▶ [THE PROBLEM]: What are the lines below, starting at the line containing "Tonal glitter stripe" and ending at the line containing "Assorted Game Pieces"? Write them out exactly, ends included, without pictures.

▶ [RECORD EXTRACTS]:
····················

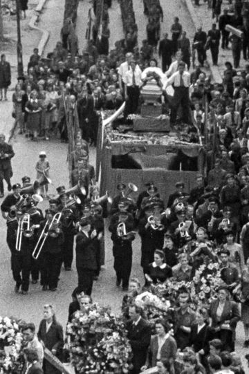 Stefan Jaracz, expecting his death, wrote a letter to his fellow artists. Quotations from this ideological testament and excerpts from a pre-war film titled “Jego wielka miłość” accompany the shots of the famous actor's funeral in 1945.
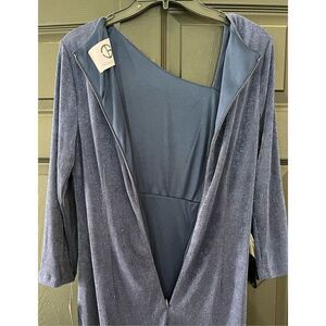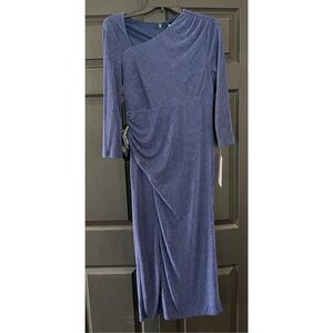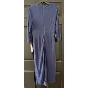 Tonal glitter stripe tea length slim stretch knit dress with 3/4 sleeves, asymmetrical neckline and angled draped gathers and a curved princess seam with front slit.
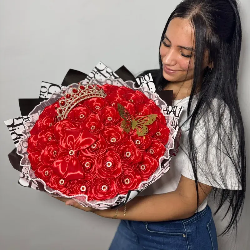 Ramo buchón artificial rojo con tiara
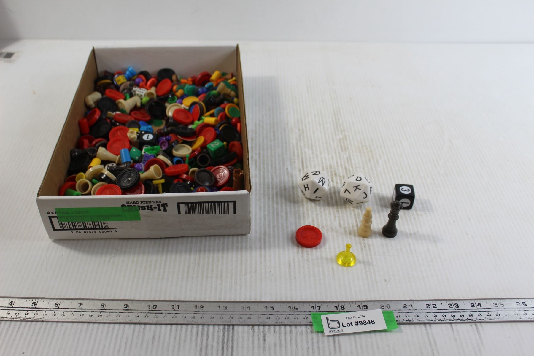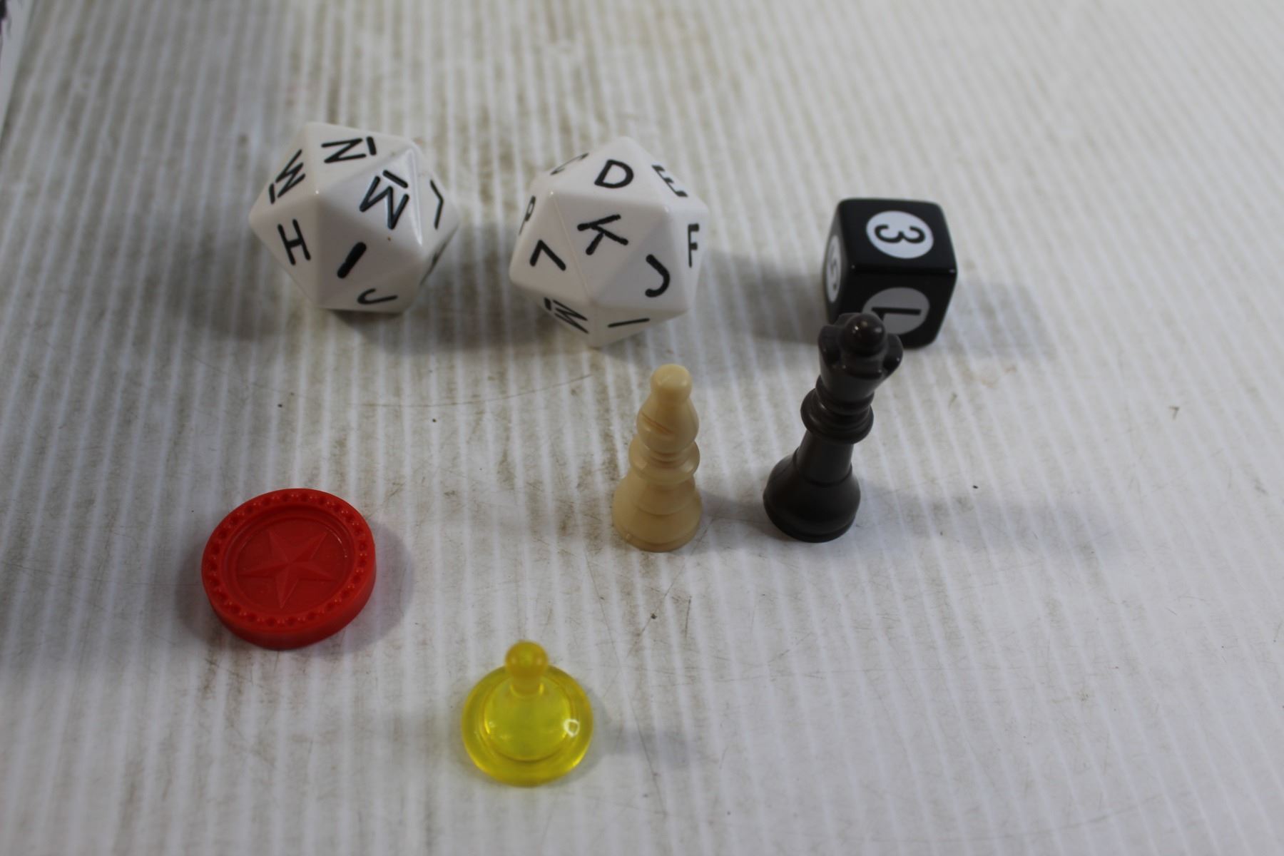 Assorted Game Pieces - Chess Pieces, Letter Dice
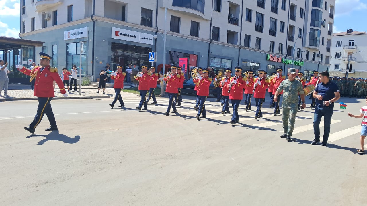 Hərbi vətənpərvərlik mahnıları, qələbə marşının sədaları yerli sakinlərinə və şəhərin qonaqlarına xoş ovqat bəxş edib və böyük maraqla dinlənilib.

····················

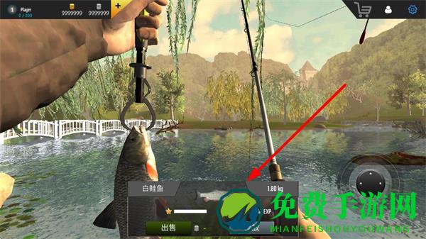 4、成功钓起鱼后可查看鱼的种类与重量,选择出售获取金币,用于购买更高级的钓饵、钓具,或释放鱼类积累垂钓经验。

····················

▶ [ANSWER SECTION]:
 Tonal glitter stripe tea length slim stretch knit dress with 3/4 sleeves, asymmetrical neckline and angled draped gathers and a curved princess seam with front slit.
 Ramo buchón artificial rojo con tiara
 Assorted Game Pieces - Chess Pieces, Letter Dice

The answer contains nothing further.